WORK TO COMPLETE>
Within the listing below, give again exactly the lines between the one containing "Keywords: Kustari 089" and the one containing "抢镜的外国人很多,直接下跪的", inclusive, pictures left aside.

TASK MATERIAL>

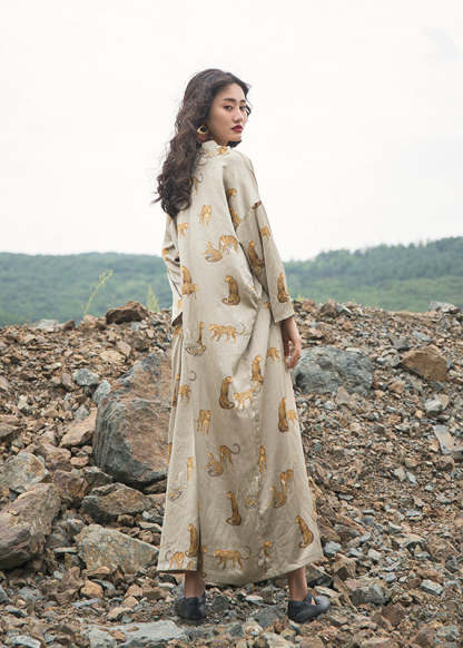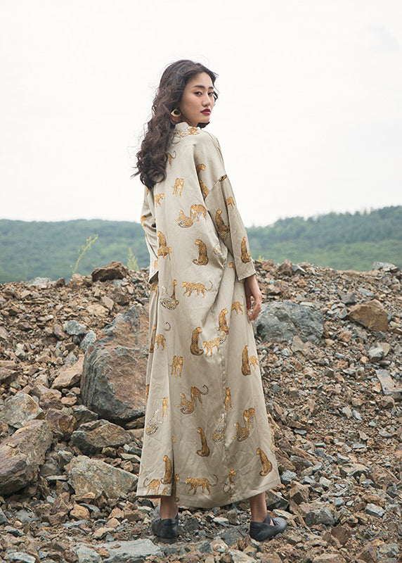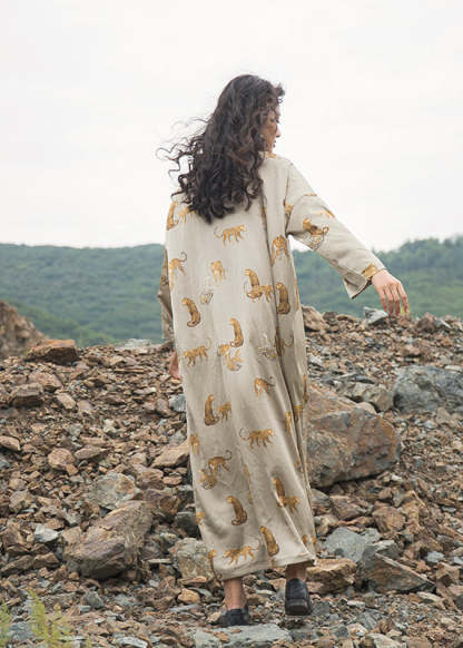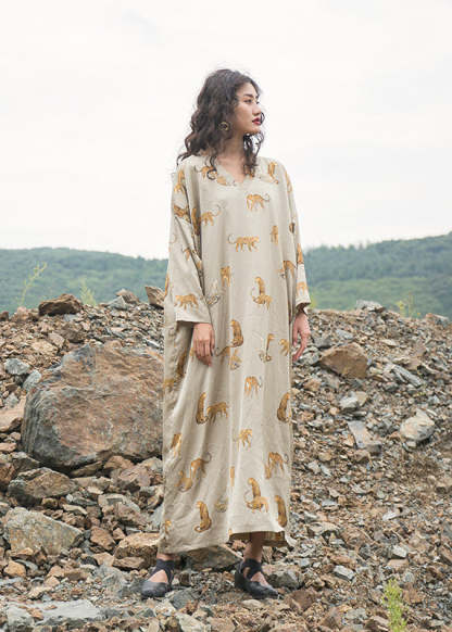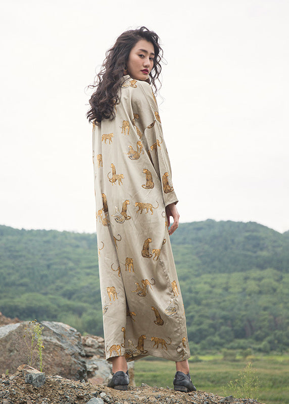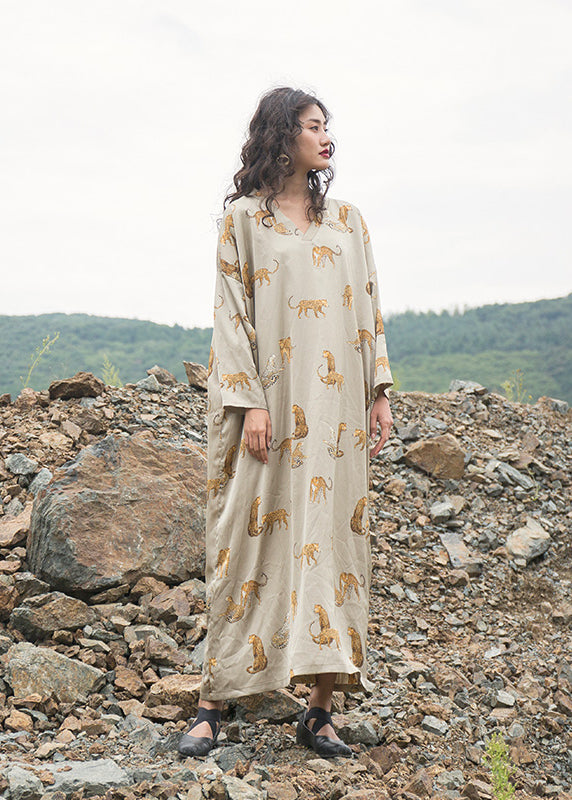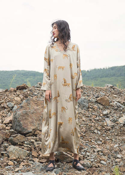 Italian Apricot V Neck Animal Print Silk Robe Dresses Fall
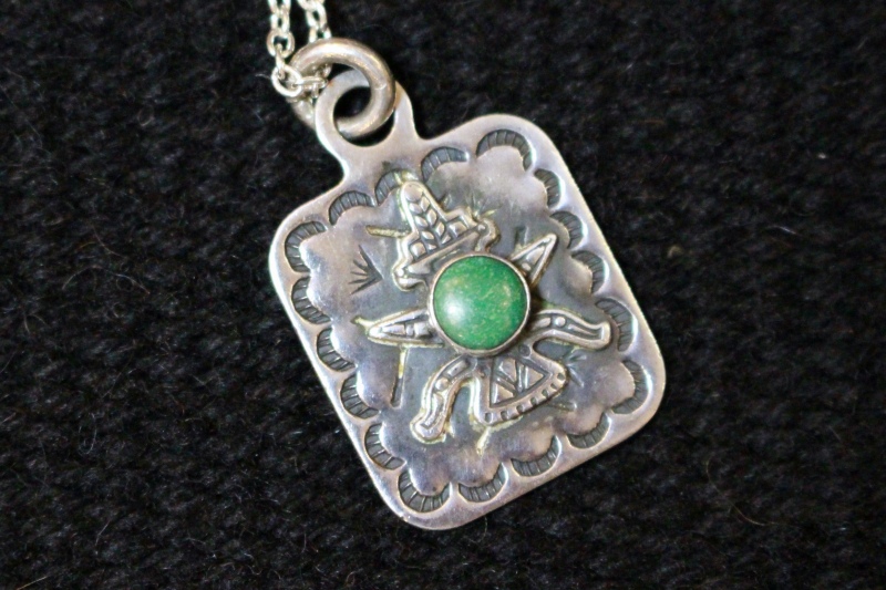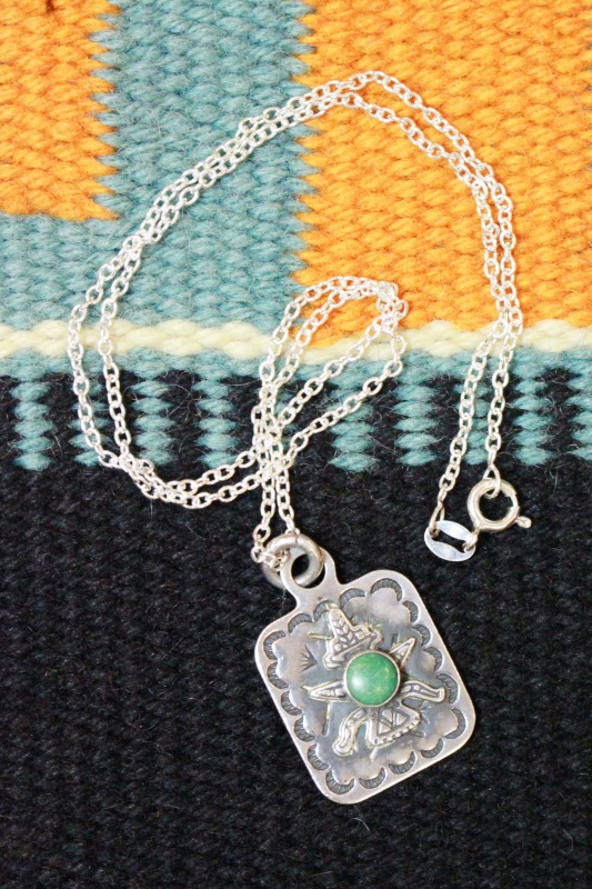 VINTAGE 40s FRED HARVEY ERA KACHINA STERLING SILVER TAG PENDANT NECKLACE
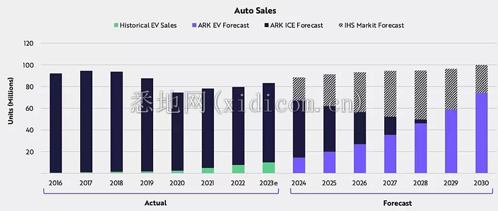 在电动汽车部分,ARK 报告多次引用赖特定律,在电动汽车的背景下,电池成本正在下降,压低汽车的价格。这是 ARK 预计全球电动汽车销量将增长 33% 的重要原因,从 2023 年的约 1000 万辆增至 2030 年的 7400 万辆。“如果电动汽车继续获得市场份额(正如我们相信的那样),那么,二手车和新型电动汽车将比新型内燃机 ( ICE ) 汽车更具经济意义,这可能会给现有汽车制造商带来死亡螺旋。”报告写道。那么,RIP,内燃机汽车。
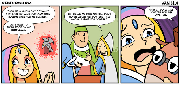 By the way, doesn't the courier change shape now so everybody can show off what courier they have? E.g., this one would change from the donkey to the baby Roshan whenever it delivered something to CM.
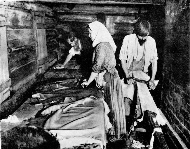 Keywords: Kustari 089 Otdelka belogo opojka.jpg en Handicraft Industry and Trades of Nizhegorodskaja gubernija Katunki XIX c Куста ные п омыслы и емёсла ижего одской губе нии Отделка белого опойка Село Катунки Балахнинского уезда 1896 год Tannage de peaux de veau menues Village de Katounki du district de Balachna Скани ован из книги ижего одская губе ния по исследованиям губе нского земства Выпуск II Куста ные п омыслы ижего одской губе нии / сост А Плотников СПб 1896 еизвестный фотог аф конца XIX века Типо-лит и фототипия П И Бабкина в Санкт-Пете бу ге 1896 PD-old thumb Handicraft Industry of Nizhny Novgorod province Tanners Skinners Black and white photographs of people at work Leather working tools |
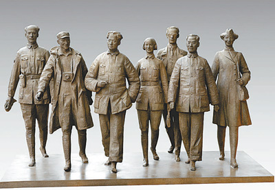 1957年的“中國人民解放軍建軍三十周年紀(jì)念美術(shù)展覽會”,迎來了新中國成立后軍事題材美術(shù)創(chuàng)作的高峰,開創(chuàng)了革命歷史畫創(chuàng)作的新紀(jì)元。這些歷經(jīng)歲月檢驗(yàn)的紅色經(jīng)典,如今成為一個時(shí)代的圖像標(biāo)志——油畫《南昌起義》《秋收起義》《井岡山會師》《強(qiáng)渡大渡河》《紅軍過雪山》《八路軍東渡黃河》《淮海戰(zhàn)役》《解放南京》《跨過鴨綠江》,中國畫《過黃泛區(qū)》《八女投江》《打靶后》,版畫《劉志丹和赤衛(wèi)軍》《紅軍過草地》,雕塑《抗日游擊隊(duì)員》《艱苦歲月》等,均是膾炙人口的佳作。在這些作品中,畫家的創(chuàng)作狀態(tài)與藝術(shù)追求,構(gòu)成了一個和諧的整體,具有不可復(fù)制的歷史價(jià)值與美學(xué)價(jià)值。
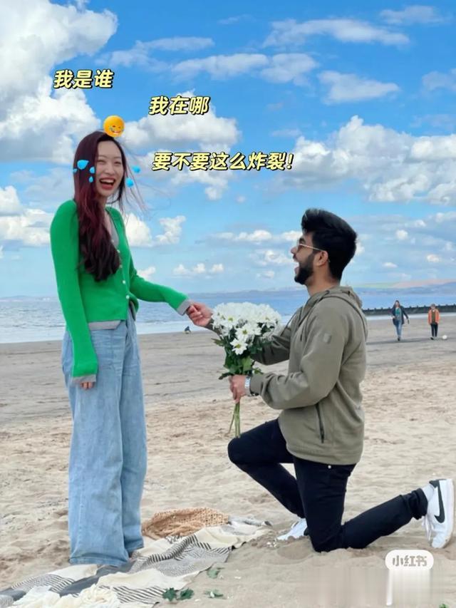 抢镜的外国人很多,直接下跪的第一次见,笑死了,第一次被单膝跪地,在异国他乡的海滩上,还是个陌生人。
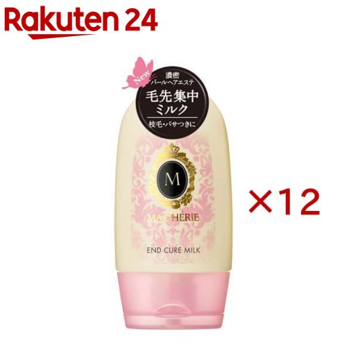 お店TOP>化粧品>ヘアケア>スタイリング>スタイリング ミルク>マシェリ 毛先ケアミルク (100g×12セット)商品区分:化粧品【マシェリ 毛先ケアミルクの商品詳細】●毛先集中ケアミルク。●髪にツヤを与えると同時に、1本1本を補修して扱いやすい状態に導く。●濃密パールハニージュレDX※配合。●静電気・ドライヤー等の熱から髪を守ります。●洗い流さないタイプ。※つや・補修・保湿成分(パールコンキオリン※※・ハチミツ・ヒドロキシエチルウレア・ヒアルロン酸Na)。※※加水分解コンキオリン。●うっとり甘くさわやかなフローラルフルーティの香り【販売名】マシェリ 毛先ケアミルク【使用方法】・半乾きまたは乾いた髪に適量を手のひらにのばし、傷んだ毛先中心に指を通しながらなじませます。【成分】水、エタノール、水添ポリイソブテン、PG、ジメチコン、コハク酸ジエチルヘキシル、ベヘニルアルコール、ミネラルオイル、PEG-60水添ヒマシ油、アミノプロピルジメチコン、ヒドロキシエチルウレア、乳酸、ハチミツ、ヒアルロン酸Na、加水分解コンキオリン、セタノール、べへネス-20、カルボマー、水酸化K、EDTA-2Na、乳酸アンモニウム、BG、トコフェロール、フェノキシエタノール、香料 (M111386-202)【注意事項】・ご使用後は、キャップをきちんと閉めてください。・樹脂製品(メガネ等)へ付着した場合は、拭きとってください。・床に付着すると滑りやすくなりますのでご注意ください。・乳幼児の手の届かないところにおいてください。・お肌に傷やはれもの・湿しん・色抜け(白斑等)や黒ずみなどの異常が生じていないかよく注意して使用してください。お肌に合わないときは、使用を中止し、皮ふ科医などにご相談ください。【原産国】ベトナム【ブランド】マシェリ(MACHERIE)【発売元、製造元、輸入元又は販売元】ファイントゥデイ※説明文は単品の内容です。リニューアルに伴い、パッケージ・内容等予告なく変更する場合がございます。予めご了承ください。・単品JAN:4550516493934ファイントゥデイ108-0075 東京都港区港南2-16-30120-202-166広告文責:楽天グループ株式会社電話:050-5577-5043[ヘアスタイリング剤/ブランド:マシェリ(MACHERIE)/]

ANSWER TO THIS PROBLEM>
 Keywords: Kustari 089 Otdelka belogo opojka.jpg en Handicraft Industry and Trades of Nizhegorodskaja gubernija Katunki XIX c Куста ные п омыслы и емёсла ижего одской губе нии Отделка белого опойка Село Катунки Балахнинского уезда 1896 год Tannage de peaux de veau menues Village de Katounki du district de Balachna Скани ован из книги ижего одская губе ния по исследованиям губе нского земства Выпуск II Куста ные п омыслы ижего одской губе нии / сост А Плотников СПб 1896 еизвестный фотог аф конца XIX века Типо-лит и фототипия П И Бабкина в Санкт-Пете бу ге 1896 PD-old thumb Handicraft Industry of Nizhny Novgorod province Tanners Skinners Black and white photographs of people at work Leather working tools |
 1957年的“中國人民解放軍建軍三十周年紀(jì)念美術(shù)展覽會”,迎來了新中國成立后軍事題材美術(shù)創(chuàng)作的高峰,開創(chuàng)了革命歷史畫創(chuàng)作的新紀(jì)元。這些歷經(jīng)歲月檢驗(yàn)的紅色經(jīng)典,如今成為一個時(shí)代的圖像標(biāo)志——油畫《南昌起義》《秋收起義》《井岡山會師》《強(qiáng)渡大渡河》《紅軍過雪山》《八路軍東渡黃河》《淮海戰(zhàn)役》《解放南京》《跨過鴨綠江》,中國畫《過黃泛區(qū)》《八女投江》《打靶后》,版畫《劉志丹和赤衛(wèi)軍》《紅軍過草地》,雕塑《抗日游擊隊(duì)員》《艱苦歲月》等,均是膾炙人口的佳作。在這些作品中,畫家的創(chuàng)作狀態(tài)與藝術(shù)追求,構(gòu)成了一個和諧的整體,具有不可復(fù)制的歷史價(jià)值與美學(xué)價(jià)值。
 抢镜的外国人很多,直接下跪的第一次见,笑死了,第一次被单膝跪地,在异国他乡的海滩上,还是个陌生人。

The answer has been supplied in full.